Del Ponte “forgets” the organ trafficking affair and concentrates on big fish like former Serbian President Slobodan Milosevic. His death – a heart attack in his Hague cell – after five years of investigation on the evening of the closing arguments, reawakens in Del Ponte a furious “porca miseria.” (Holy cow in Italian — Ed.) Her mission as head of ICTY is “difficult. To bring the highest-ranked political and military officials to trial for war crimes.” Surrounded by bodyguards permanently, her daily life becomes characterised by carefully timed movements, attempted bombings, threats and political pressures. In the courtroom, Del Ponte quickly discovers the quasi-impossibility of offering an efficient protection program for witnesses during trials unfolding in an “atmosphere of pressures and insecurity.” When she presides over former UÇK (Kosovo Liberation Army) warlords, certain witnesses promised anonymity disappear.

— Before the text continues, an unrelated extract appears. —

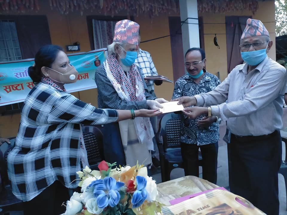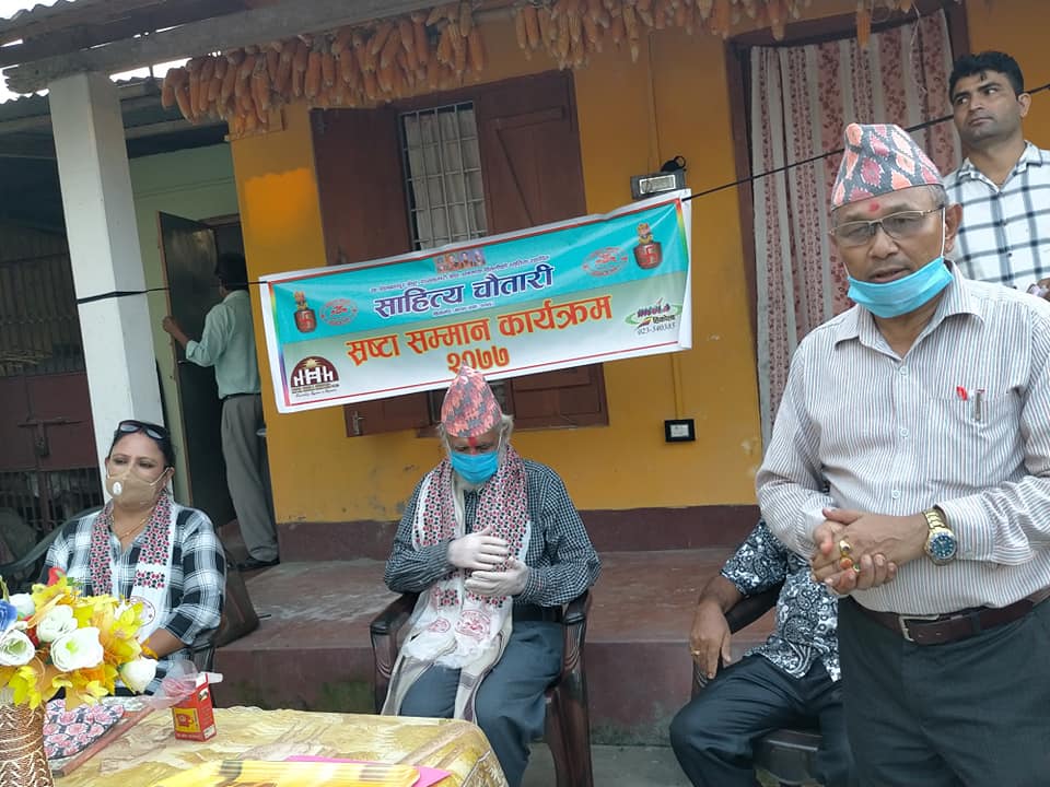 कोरोना भाइरसको संक्रमणबाट वच्न भौतिक दुरी कायम गरी झापा मेचीनगर –९ धुलावारीस्थित निवासमै गएर अग्रज साहित्यकार तेराखलाई सम्मान गरिएको उनले वताए ।

Some months later, there is a dramatic turn of events. Several pieces of evidence collected in Burrel vanish: someone has cleaned the archives without informing Carla Del Ponte. Certain members of the Tribunal lance accusations, asserting that she gave the order to destroy evidence. “It’s incredibly stupid. One must never destroy clues, especially when the investigation hasn’t been closed,” she strikes back, leaving open the mystery of what occurred. Did this stop Carla Del Ponte from continuing her work? She won’t say more. “We did our best, despite political obstacles, but we are not Don Quixotes. Not everything has been tried yet.” Inflexible, combative, non-compromising. Del Ponte has been feared and admired by warlords and victims’ families alike. At the top level, in any case, her qualities have become cumbersome. The ICTY, an international judicial structure, remains a political instrument subject to the goodwill of sponsor states.
The Americans have always “condemned Serbia, all the while ignoring crimes committed by their protégés,” according to the UÇK. The organisation claims that the country smoothes things over by justifying any actions in the name of the “stability of the country,” all the while with its umpteenth cigarette dangling from its lips. “The ICTY’s collaboration with UNMIK has always been complicated. And NATO has always supported UÇK. To obtain access to military information during judicial proceedings, we began by receiving authorisation from Brussels and finished by throwing a spanner in the works.”
In December 2007, Del Ponte resigns. Returning to “normal life,” she publishes her memoirs in April 2008. In The Hunt: Me and the War Criminals, she mentions publicly for the first time the subject of organ trafficking. “I had asked UNMIK, and then the European mission EULEX, to resume the investigation. Since nothing had been done, I decided to talk about it in my book. This new form of war crime cannot remain unpunished.”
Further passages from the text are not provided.